(Stored records)
####################

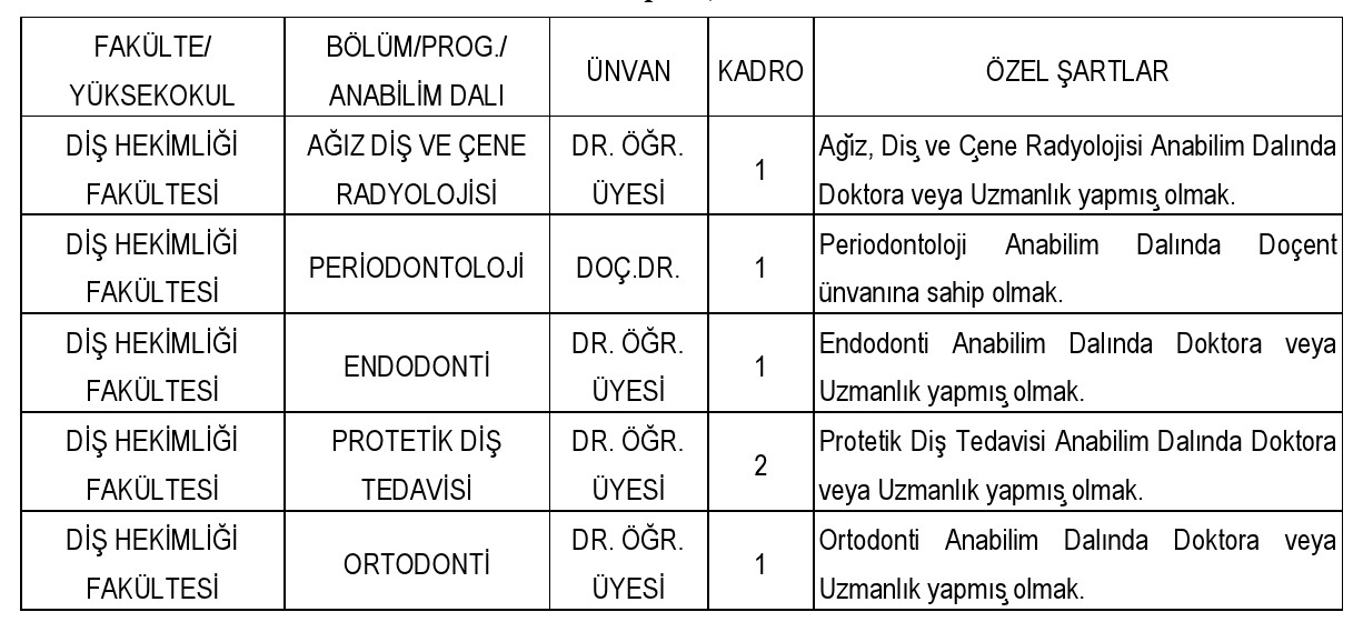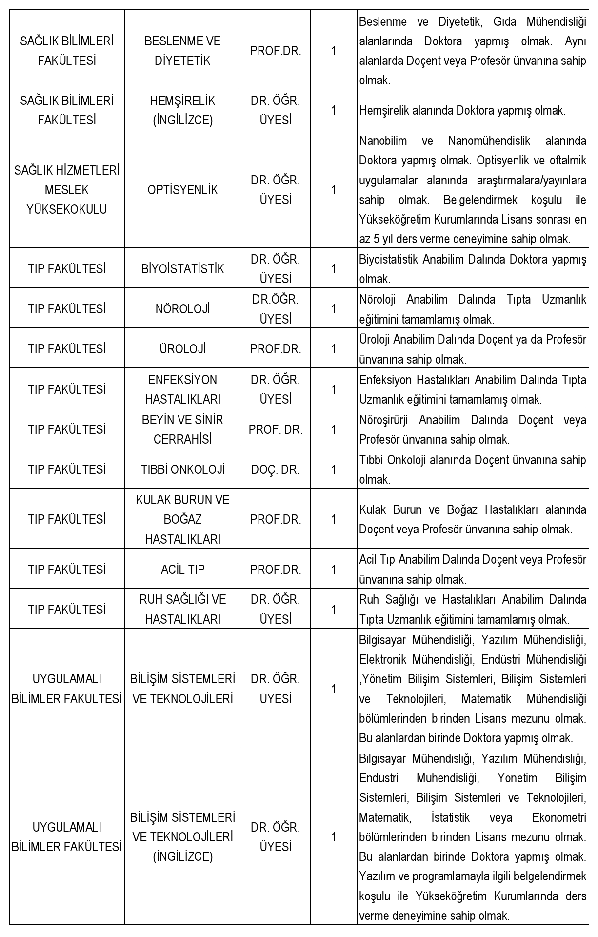 ÖĞRETİM ÜYESİ ALIM İLANI
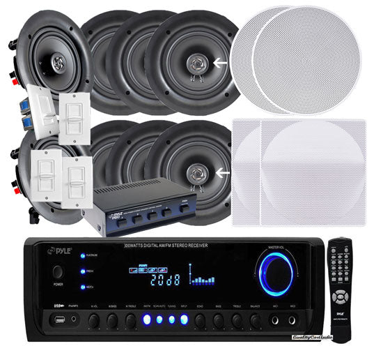 4 Pairs 150W 5.25" In-Wall / In-Ceiling White Speakers w/ Receiver w/ Vol Ctrl
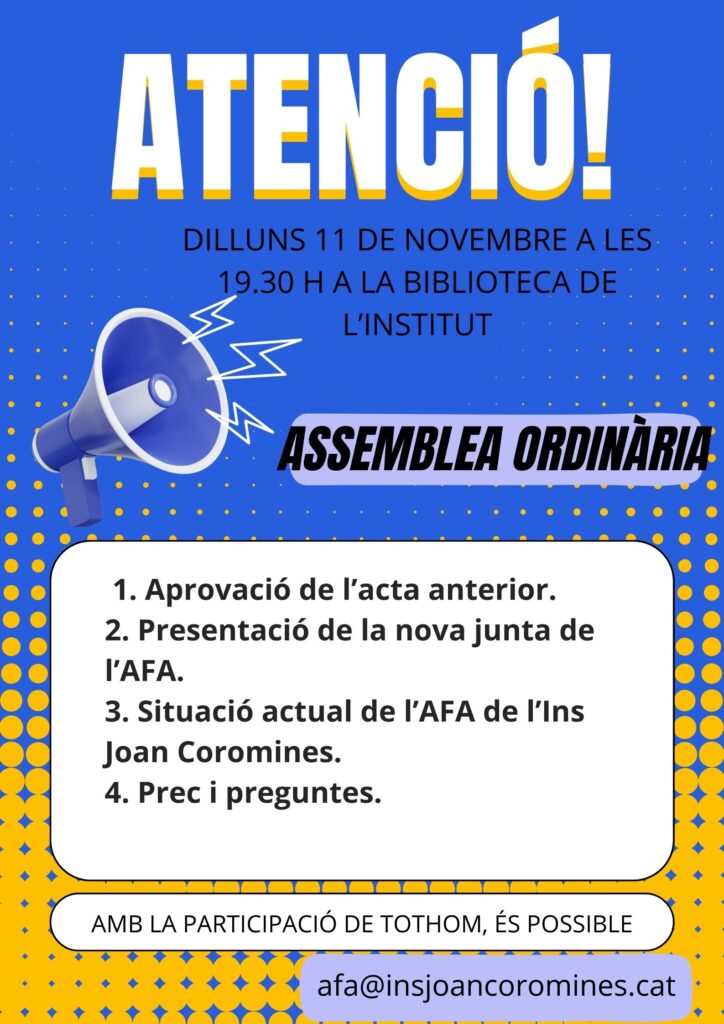 L’AFA és l’associació de famílies dels alumnes i mantenim una estreta col·laboració amb el Centre per vetllar pel benestar dels nostres fills i filles. Som una nova AFA amb ganes de donar suport a l’institut i ajudar-vos amb dubtes que pugueu tenir. Estem a la vostra disposició a través de l’e-mail afa@insjoancoromines.cat
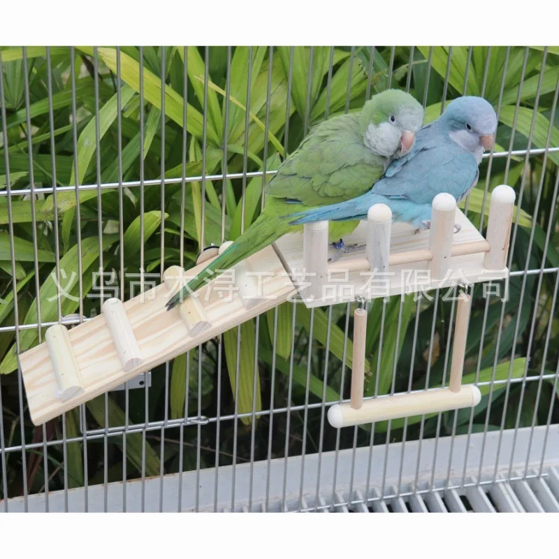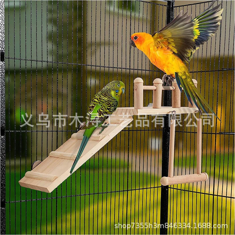 Plataforma de torrado de pájaros de madera, escalera de escalada para loros, columpio, hamaca, trampolín, loro, juego de juguetes de tres piezas para otoño
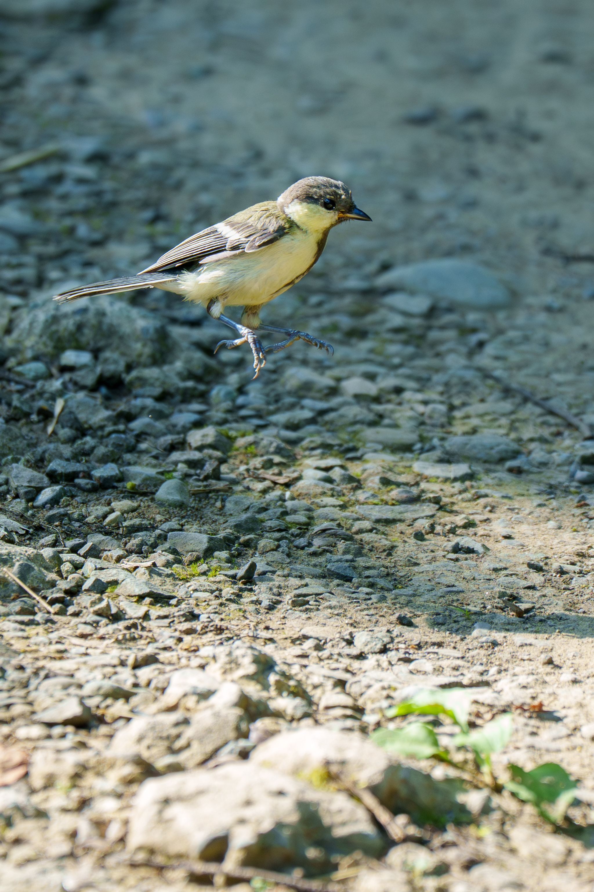 遊歩道に出てきてちょこちょこ餌をついばんでいたシジュウカラが飛ばずにジャンプ!思ったより高いジャンプを見せた場面です。
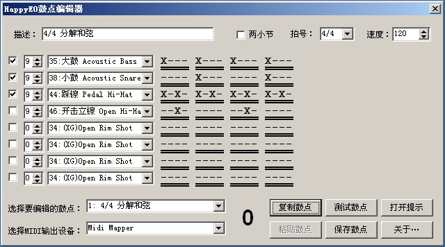 HappyEO鼓点编辑器是一款编辑打击乐器(各种鼓)软件。 用它可以自己编辑和学习各种鼓(打击乐器)的节奏,内部预置了十几种在《HappyEO电子琴》中的节奏。 HappyEO鼓点编辑器是完全免费的软件,没有任何功能限制。

####################

Look above for the line containing "遊歩道に出てきてちょこちょこ"; output that line and all lines after it through the last one exactly, without the pictures.

→ **Task output**:
 遊歩道に出てきてちょこちょこ餌をついばんでいたシジュウカラが飛ばずにジャンプ!思ったより高いジャンプを見せた場面です。
 HappyEO鼓点编辑器是一款编辑打击乐器(各种鼓)软件。 用它可以自己编辑和学习各种鼓(打击乐器)的节奏,内部预置了十几种在《HappyEO电子琴》中的节奏。 HappyEO鼓点编辑器是完全免费的软件,没有任何功能限制。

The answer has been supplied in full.